#### [ASSIGNMENT]
Lines from the beginning of the material below through the line that has "La Mesa del Congreso moderó" are to be reproduced exactly, but pictures are not.

+--

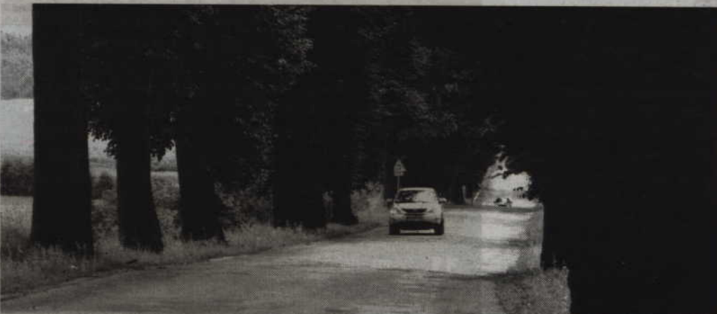
Samorząd powiatu nadal liczy na wycięcie 111 drzew przy drodze Bądko-Wandowo-Jaromierz.

POWIAT. Mimo braku zgody na wycinkę drzew samorząd powiatu rozpoczął procedurę przetargową, która ma wyłonić wykonawcę modernizacji drogi Bądko-Wandowo-Jaromierz. Ogłoszony został już przetarg. Samorząd pozyskał na kapitalny remont drogi 3 mln zł z Narodowego Programu Przebudowy Dróg Lokalnych, czyli tzw. schetynówki. Udział powiatu w przedsięwzięciu to ok. 3,6 mln zł.
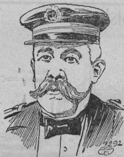
Admiral Peter Váchal

Redki slučaj, da postane Avstrijec admiral tuje mornarice, se je zdaj zgodil. Naša slika kaže visokega oficirja argentinske republike, ki je bil l. 1849 v avstrijskem mestu Taus rojen. Peter Váchal študiral je v Plznu, vstopil potem v Poli v c. k. mornarico, postal
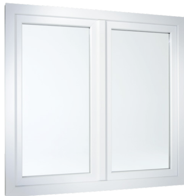
2-flügeliges Fenster in flächenversetzter Variante
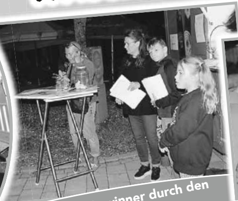
Ziehung der Gewinner durch den Ortschaftsrat
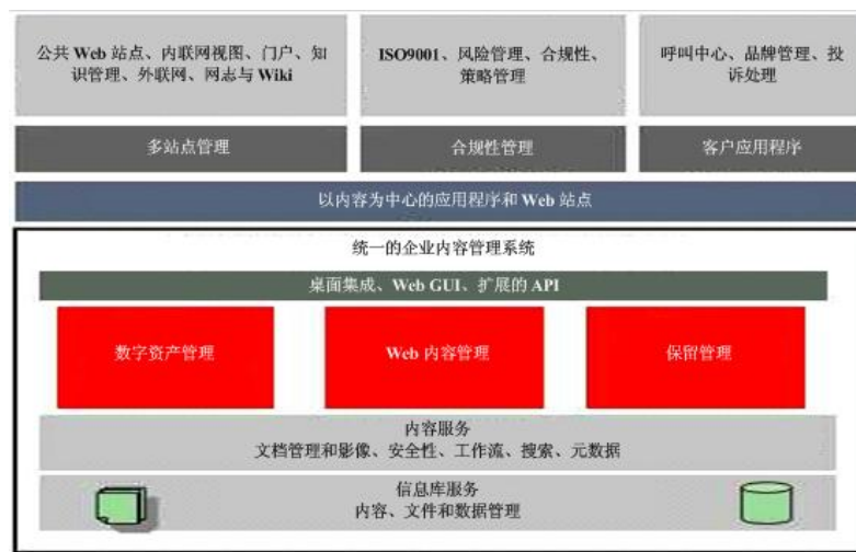
图 2. Oracle 全面内容管理提供统一的 ECM 平台。
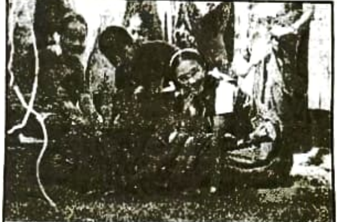
सिंधुदुर्ग महाविद्यालय येथे आयोजित झालेले छोटे पर्यावरण कसे? या कार्यक्रमाच्या निमित्ताने वृक्षारोपण करताना लहान मुले.
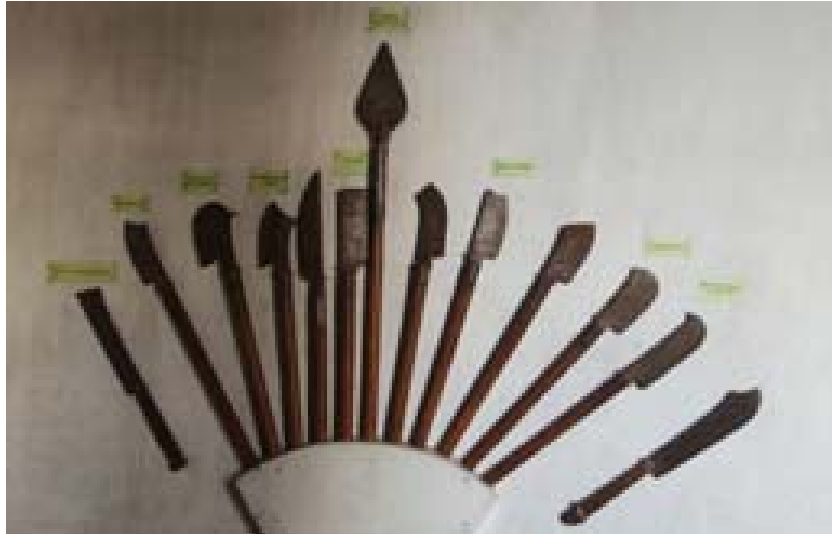
Exponate im Rova
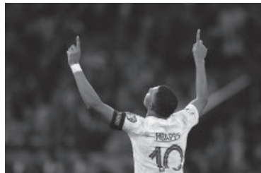
Mbappé superó a Platini.

Con el triunfo, el seleccionado subcampeón del mundo consiguió la diferencia necesaria para asegurarse uno de los dos primeros lugares de la zona, que ahora lidera con 18 puntos, seis
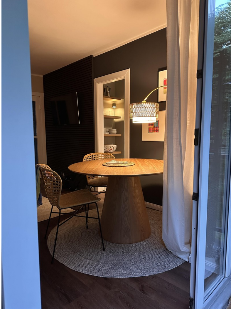
Für schöne Stunden
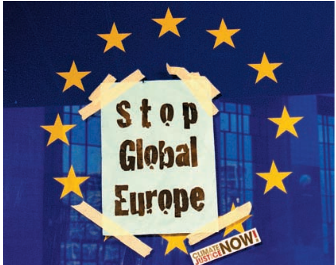
JUSTICIA CLIMÁTICA. La Presidencia española se enmarca en plena crisis económica, energética y climática.

La gran medida contra la crisis consiste en la puesta en marcha de organismos para regular los mercados financieros, aunque carece todavía de concreción y no parece que esté diseñada más que para contro-
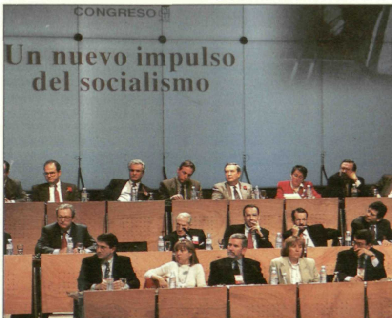
La Mesa del Congreso moderó los debates en el plenario.

L os delegados asistentes al 33 Congreso Federal del PSOE aprobaron un comunicado presentado, entre otras, por las delegaciones de Cataluña, Madrid, Murcia, América, Jaén y Almería, y que fue leído ante el plenario por el presidente de la Mesa del Congreso, Joan Lerma , en el que se pide que se constituya un foro de debate en el que los inmigrantes puedan dejar oír sus posiciones. El comunicado expone que la única política defendible como posible y positiva para los inmigrantes se basa en una triple estrategia. En primer lugar, por un racional control de flujos que se justifiquen en sí mismos por el hecho de impedir la creación de marginación social, de otro lado difícil de evitar en la actual coyuntura de nuestro mercado de trabajo. En segundo lugar, por una integración global del inmigrante establecido que no olvide ninguna de sus dimensiones posible. Y por último, por un compromiso ambicioso para con la cooperación al desarrollo de aquellos países que son origen y causa de nuestra inmigración. Finalmente, el comunicado hace un llamamiento al Gobierno para que determine la necesaria estrategia de actuación pública que trate de conseguir la más completa integración del inmigrante en nuestra sociedad.
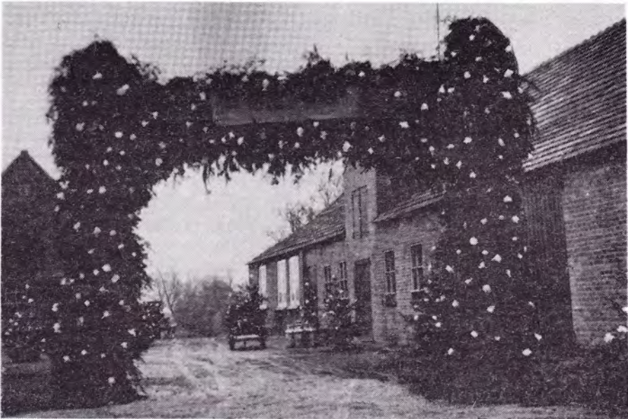
1967: Hulde aan de neomist. Een fraaie ereboog bij de ouderlijke boerderij aan de Maliskampsestraat.
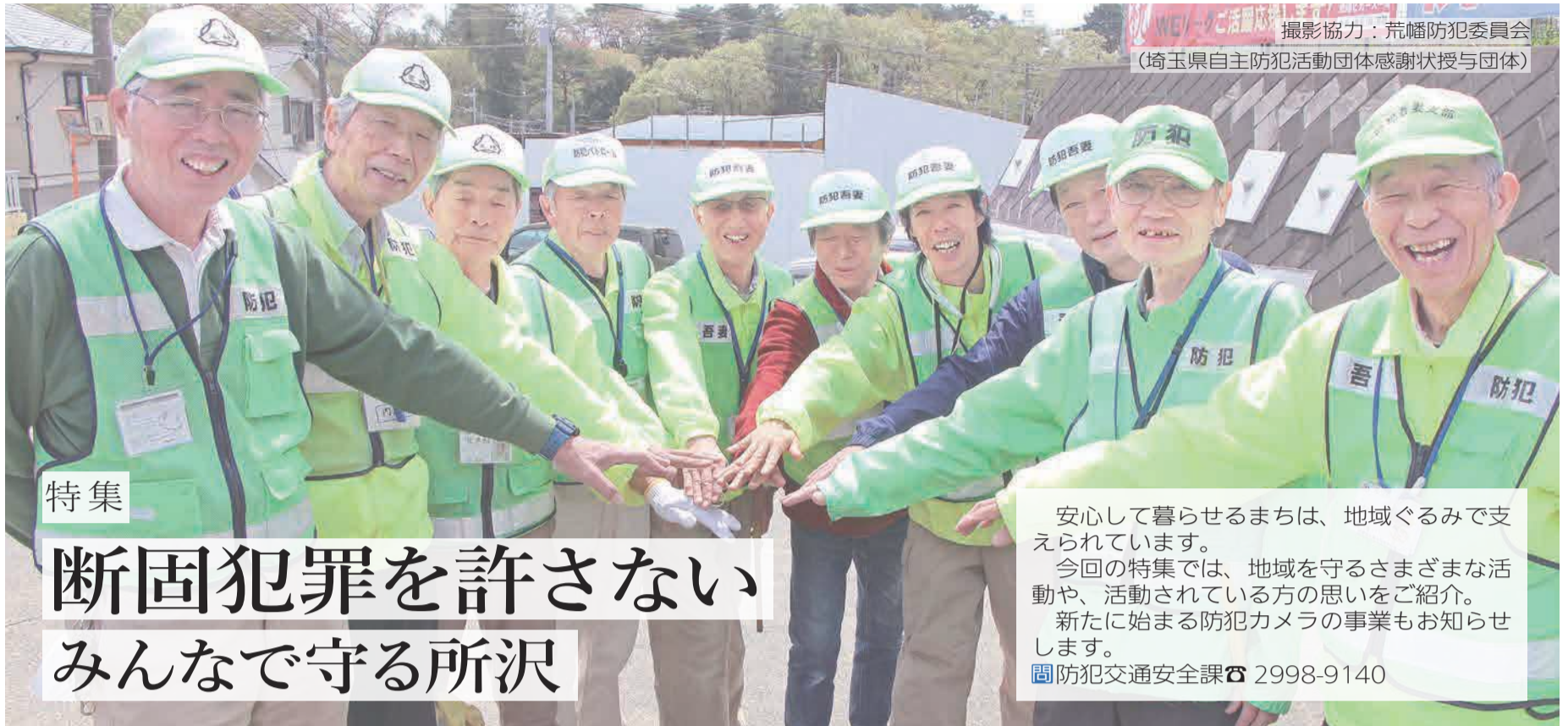
撮影協力：荒幡防犯委員会 (埼玉県自主防犯活動団体感謝状授与団体)
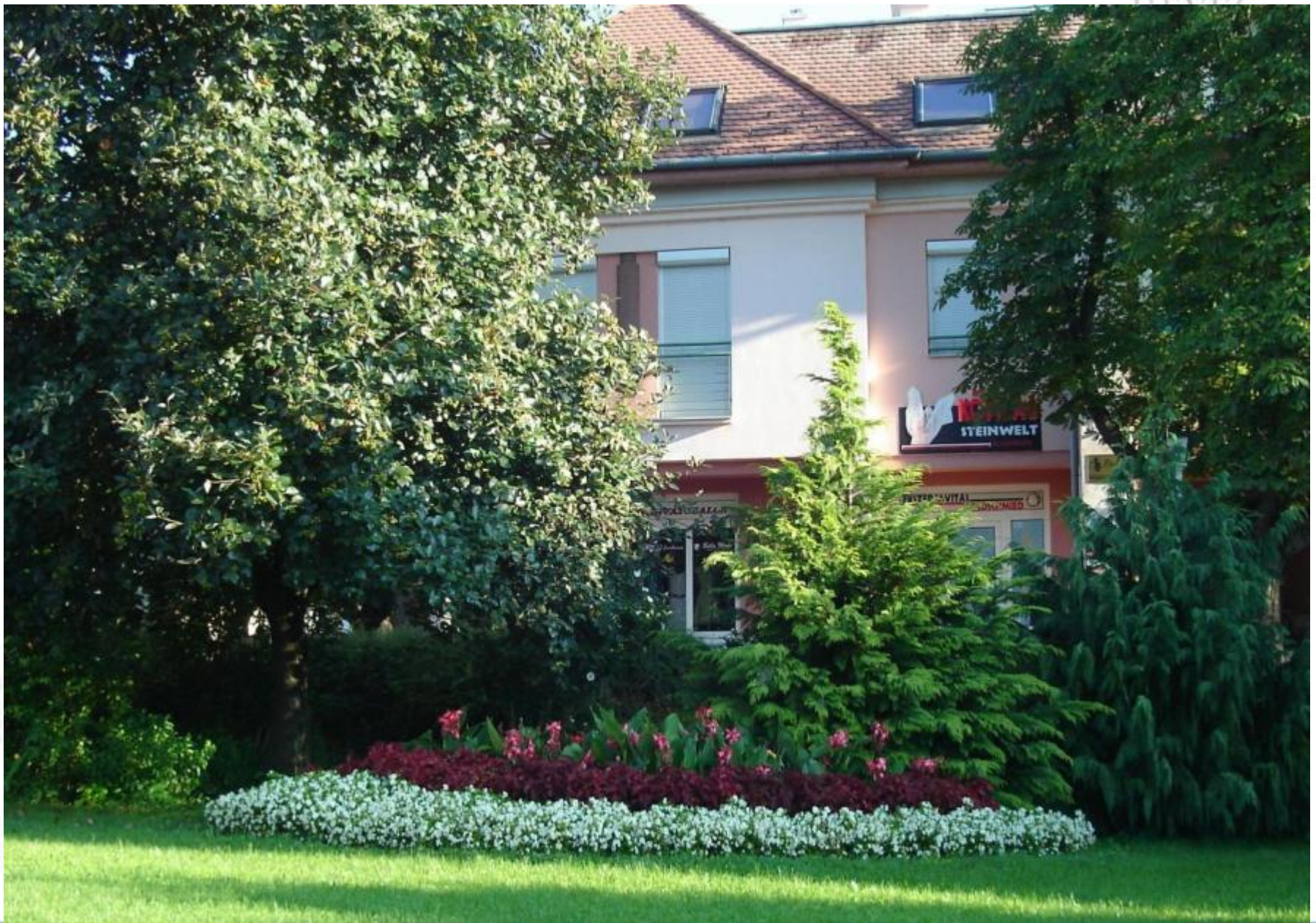
Moll Károly tér
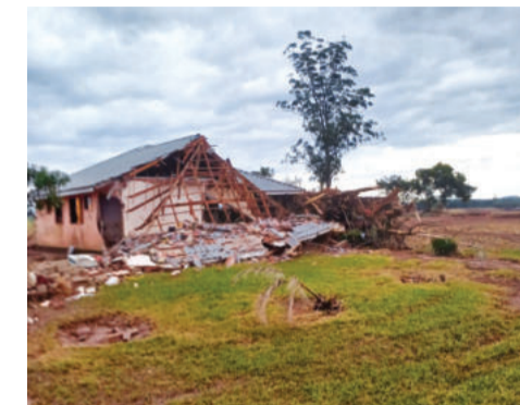
Resgates ocorreram na comunidade de Arroio do Ouro, fortemente atingida pela enchente

A Árvore da Solidariedade é uma iniciativa da Secretaria Municipal de Cultura, em parceria com o Fundo Social de Solidariedade, que busca reconhecer e dar visibilidade aos voluntários anônimos que foram essenciais para a

+--

#### [RESPONSE AREA]
Samorząd powiatu nadal liczy na wycięcie 111 drzew przy drodze Bądko-Wandowo-Jaromierz.

POWIAT. Mimo braku zgody na wycinkę drzew samorząd powiatu rozpoczął procedurę przetargową, która ma wyłonić wykonawcę modernizacji drogi Bądko-Wandowo-Jaromierz. Ogłoszony został już przetarg. Samorząd pozyskał na kapitalny remont drogi 3 mln zł z Narodowego Programu Przebudowy Dróg Lokalnych, czyli tzw. schetynówki. Udział powiatu w przedsięwzięciu to ok. 3,6 mln zł.
Admiral Peter Váchal

Redki slučaj, da postane Avstrijec admiral tuje mornarice, se je zdaj zgodil. Naša slika kaže visokega oficirja argentinske republike, ki je bil l. 1849 v avstrijskem mestu Taus rojen. Peter Váchal študiral je v Plznu, vstopil potem v Poli v c. k. mornarico, postal
2-flügeliges Fenster in flächenversetzter Variante
Ziehung der Gewinner durch den Ortschaftsrat
图 2. Oracle 全面内容管理提供统一的 ECM 平台。
सिंधुदुर्ग महाविद्यालय येथे आयोजित झालेले छोटे पर्यावरण कसे? या कार्यक्रमाच्या निमित्ताने वृक्षारोपण करताना लहान मुले.
Exponate im Rova
Mbappé superó a Platini.

Con el triunfo, el seleccionado subcampeón del mundo consiguió la diferencia necesaria para asegurarse uno de los dos primeros lugares de la zona, que ahora lidera con 18 puntos, seis
Für schöne Stunden
JUSTICIA CLIMÁTICA. La Presidencia española se enmarca en plena crisis económica, energética y climática.

La gran medida contra la crisis consiste en la puesta en marcha de organismos para regular los mercados financieros, aunque carece todavía de concreción y no parece que esté diseñada más que para contro-
La Mesa del Congreso moderó los debates en el plenario.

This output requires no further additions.